Liku perjalanan setiap manusia memiliki goresan yang terkadang sulit terhapuskan. Ibarat melukis diatas batu, ia akan tetap ada melawan waktu, meski dipenghujungnya hanya menjadi prasasti. Dikenang, dilihat dan akhirnya dilupakan. Namun diantara sekian juta kisah, terdapat jua rentetan cerita hidup yang tak kan pernah usang ditelan zaman, ia meninggalkan sejuta rasa bagi yang ditinggalkannya. Namanya berhembus disetiap detak nafas manusia-manusia yang mencintainya. Kemuliannya terlukis dalam setiap benak makhluk yang dikasihinya. Ketiadaannya menjadi samudra airmata, dan kepergiannya diiringi isakan yang tiada henti. Manusia seperti itulah yang sulit dilupakan oleh segenap makhluk disekelilingnya. Manusia seperti itu juga lah yang membuat lisan orang terbungkam enggan tuk sekedar mengucap ‘Good bye’. Berbeda dengan sosok awal, yang diibaratkan lakon dan kepergiannya sangat mudah terhapus, perpisahannya hanya menghasilkan ungkapan “I’m Sorry good bye” that’s it. Tiada kalimat penyambung, atau rasa yang tersambung. Seolah pertemuan, perjumpaan dan jalinan rasa luntur oleh tindak lakunya sendiri.

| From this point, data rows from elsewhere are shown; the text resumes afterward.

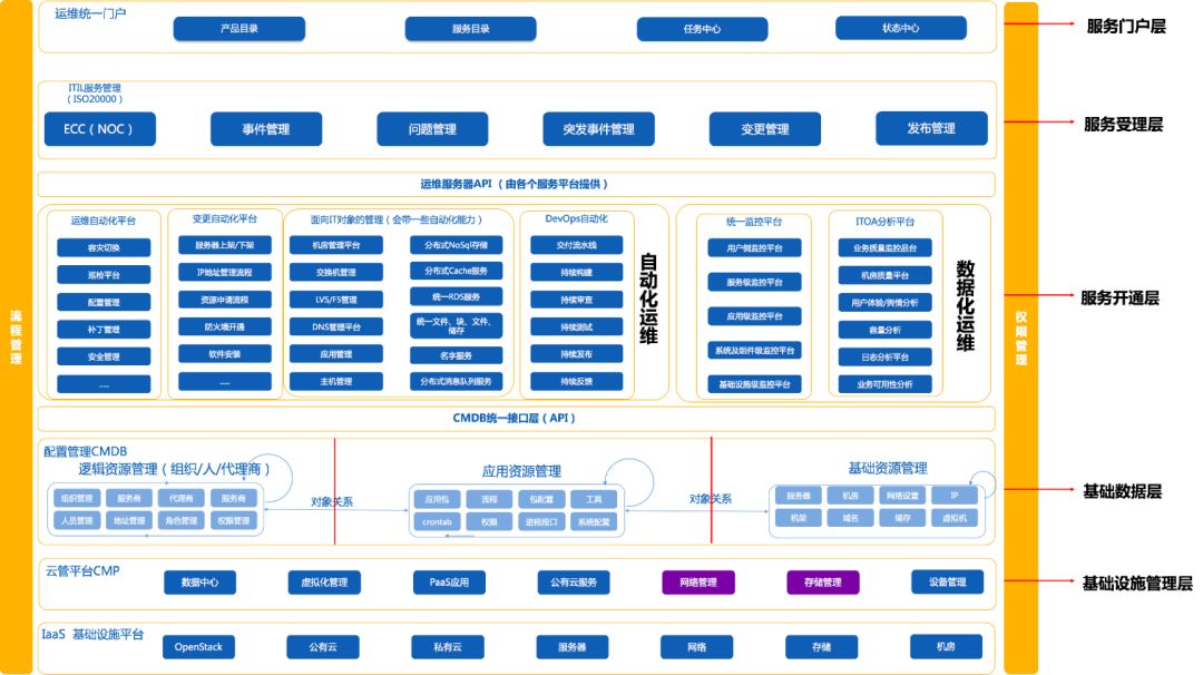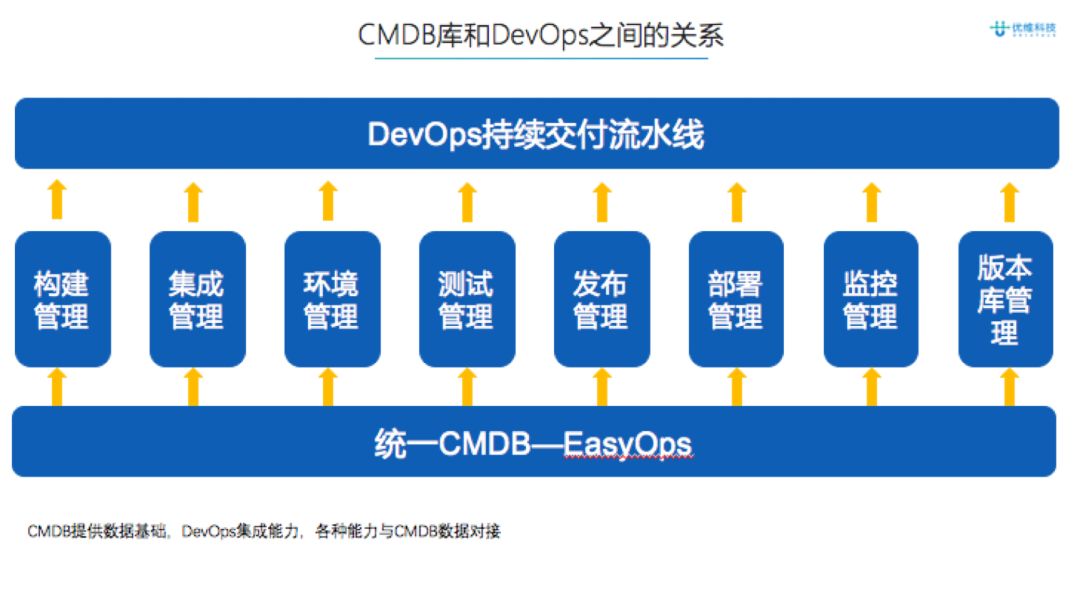 DevOps里面,我们CMDB它起到一个承上启下的过程,它往下就是我们的基础资源、基础设备层自动创建的能力,往上走就是我们运维平台的所谓的PaaS服务。运维的价值在于交付能力。要把自动化的能力最终可以形成按钮、平台直接可以交付给研发端的东西。
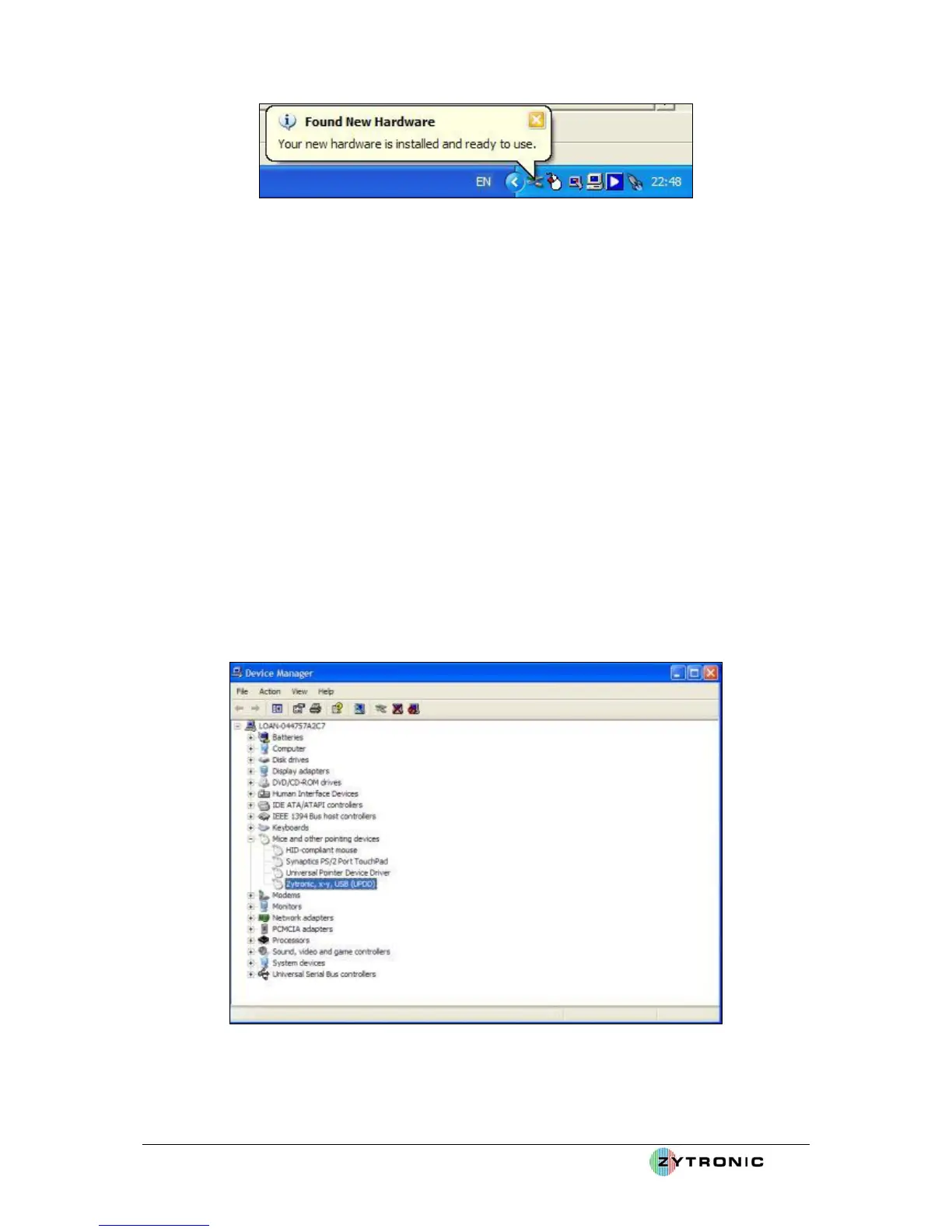 Figure 23: Zytronic, x-y, USB (UPDD) device listed within the Windows Device Manager
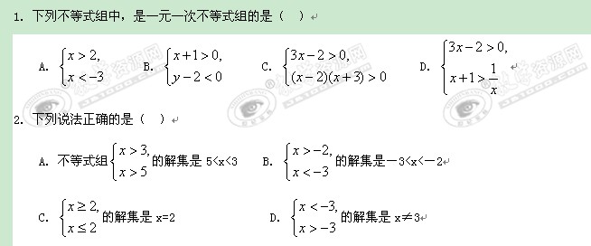 数学:1.6 《一元一次不等式组》同步练习(北师大版八年级下)

Masih sulit memahami kemana arah artikel ini (?) Mari sedikit menyimak sebuah analogi –yang juga- pernah dilontarkan oleh salah seorang guru kami di Cordova. Dalam sebuah keluarga, kasih sayang dan cinta menjadi pilar penegak rasa. Orangtua menjadi sumber cinta bagi para anak yang dikasihinya. Di dunia ini, bagi makhluk yang memiliki nurani, tiada satupun orangtua yang tidak sayang dan cinta kepada buah hatinya. Tiada kemunafikan rasa dalam mengasihinya. Semua limpahkan kasih sayang untuk anak-anak tercintanya, sekalipun ia harus berenang dalam genangan darah dan airmata, meski ia harus mengorbankan rasa malu, kesal, marah, benci dan rasa-rasa yang berkecamuk dalam jiwanya. Ia tidak akan pernah mencampurkan air susu-nya dengan kotoran yang beracun, ia hanya ingin menyaksikan anak-anak kebanggannya hidup berkembang dengan rasa tulus yang tiada balas.
Setelah masa anak itu berkembang, tiba-tiba ada sosok asing yang entah asal-usulnya muncul darimana, memberikan sepotong kue dengan sedikit bualan manis, secara spontan si anak itu berpikir bahwa pemberiannya sangat luar biasa. Pujian mengalir deras, ia senang bahwa si orang asing ini teramat sayang kepadanya. Saking termakan oleh bualan manisnya, si anak termabuk oleh pemberian secuil kue itu hingga rela melupakan kasih serta sayang orangtuanya yang telah lama menyayanginya. Dengan pemberian itu’ ia merasa lebih disayang dan diperhatikan daripada orangtua yang telah lama melahirkan rasa.
Analogi ini mencerminkan bahwa siapapun kita, memiliki pilihan hidup masing-masing. Tiada yang menjamin bahwa kesetiaan, keloyalan dan kekeluargaan bisa tumbuh abadi, bersemi dalam kerangka cinta yang telah terbangun kokoh. Bak kisah Nabiyullah Adam As. yang tergelincir oleh hasut dan buaian iblis, meski telah berada dalam kehangatan cinta dan sayang-Nya ALLAH di surga-Nya.
Tiada kata ‘mantan’ dalam keluarga, tiada pula bahasa ‘pecat’ dalam keluarga ini. kalaupun ada hanyalah ungkapan “I’m Sorry Good Bye”, berjalanlah… tatap dan berkembanglah kau disana. Raih impian dan harapanmu!